- **WHAT YOU WILL DO**
Copy each line of the records exactly, stopping only after the line that contains "觉得鱼不新鲜?nonono!" has been written, and leave pictures out.

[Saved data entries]

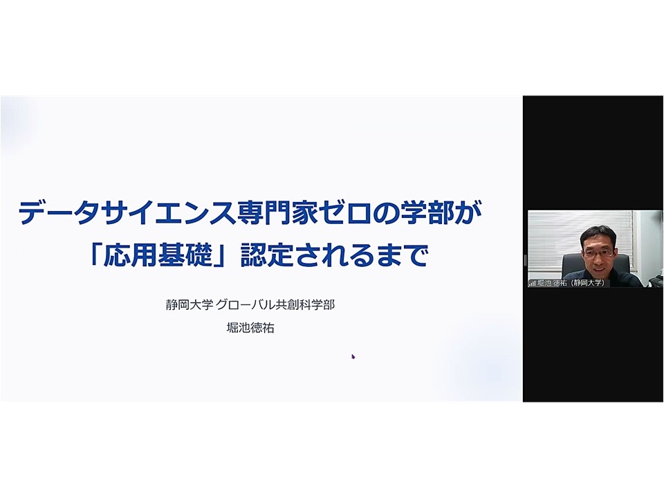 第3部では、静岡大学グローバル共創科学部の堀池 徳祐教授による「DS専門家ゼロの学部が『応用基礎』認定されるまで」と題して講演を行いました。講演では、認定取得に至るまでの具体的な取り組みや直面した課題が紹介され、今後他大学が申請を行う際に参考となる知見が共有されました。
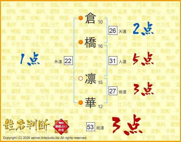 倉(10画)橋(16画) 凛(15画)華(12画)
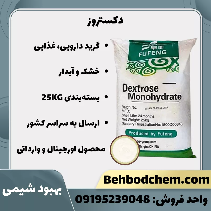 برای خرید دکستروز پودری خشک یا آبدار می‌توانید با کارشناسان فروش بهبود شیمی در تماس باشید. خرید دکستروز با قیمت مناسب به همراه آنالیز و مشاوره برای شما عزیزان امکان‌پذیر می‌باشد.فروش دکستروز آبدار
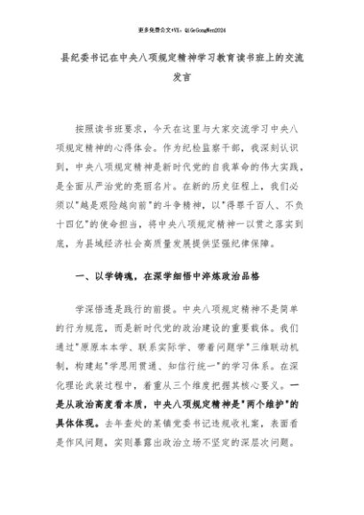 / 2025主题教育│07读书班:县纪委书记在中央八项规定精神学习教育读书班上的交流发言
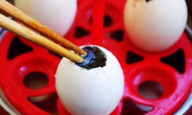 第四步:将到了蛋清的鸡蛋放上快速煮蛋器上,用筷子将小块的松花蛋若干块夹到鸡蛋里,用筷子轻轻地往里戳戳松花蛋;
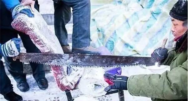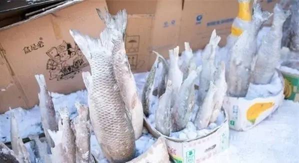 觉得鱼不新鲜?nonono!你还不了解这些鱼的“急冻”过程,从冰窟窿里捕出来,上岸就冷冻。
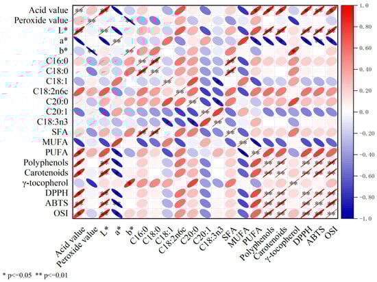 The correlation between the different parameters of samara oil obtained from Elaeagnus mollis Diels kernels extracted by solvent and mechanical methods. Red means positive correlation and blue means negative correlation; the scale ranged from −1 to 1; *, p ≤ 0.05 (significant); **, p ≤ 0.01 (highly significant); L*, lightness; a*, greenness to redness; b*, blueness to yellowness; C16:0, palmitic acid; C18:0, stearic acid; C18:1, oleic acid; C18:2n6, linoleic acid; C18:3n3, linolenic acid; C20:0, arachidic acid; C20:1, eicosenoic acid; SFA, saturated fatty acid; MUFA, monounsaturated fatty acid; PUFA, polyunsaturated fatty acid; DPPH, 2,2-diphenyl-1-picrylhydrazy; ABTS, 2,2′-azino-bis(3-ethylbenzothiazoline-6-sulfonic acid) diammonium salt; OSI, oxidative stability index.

- **EXERCISE SOLUTION**
 第3部では、静岡大学グローバル共創科学部の堀池 徳祐教授による「DS専門家ゼロの学部が『応用基礎』認定されるまで」と題して講演を行いました。講演では、認定取得に至るまでの具体的な取り組みや直面した課題が紹介され、今後他大学が申請を行う際に参考となる知見が共有されました。
 倉(10画)橋(16画) 凛(15画)華(12画)
 برای خرید دکستروز پودری خشک یا آبدار می‌توانید با کارشناسان فروش بهبود شیمی در تماس باشید. خرید دکستروز با قیمت مناسب به همراه آنالیز و مشاوره برای شما عزیزان امکان‌پذیر می‌باشد.فروش دکستروز آبدار
 / 2025主题教育│07读书班:县纪委书记在中央八项规定精神学习教育读书班上的交流发言
 第四步:将到了蛋清的鸡蛋放上快速煮蛋器上,用筷子将小块的松花蛋若干块夹到鸡蛋里,用筷子轻轻地往里戳戳松花蛋;
 觉得鱼不新鲜?nonono!你还不了解这些鱼的“急冻”过程,从冰窟窿里捕出来,上岸就冷冻。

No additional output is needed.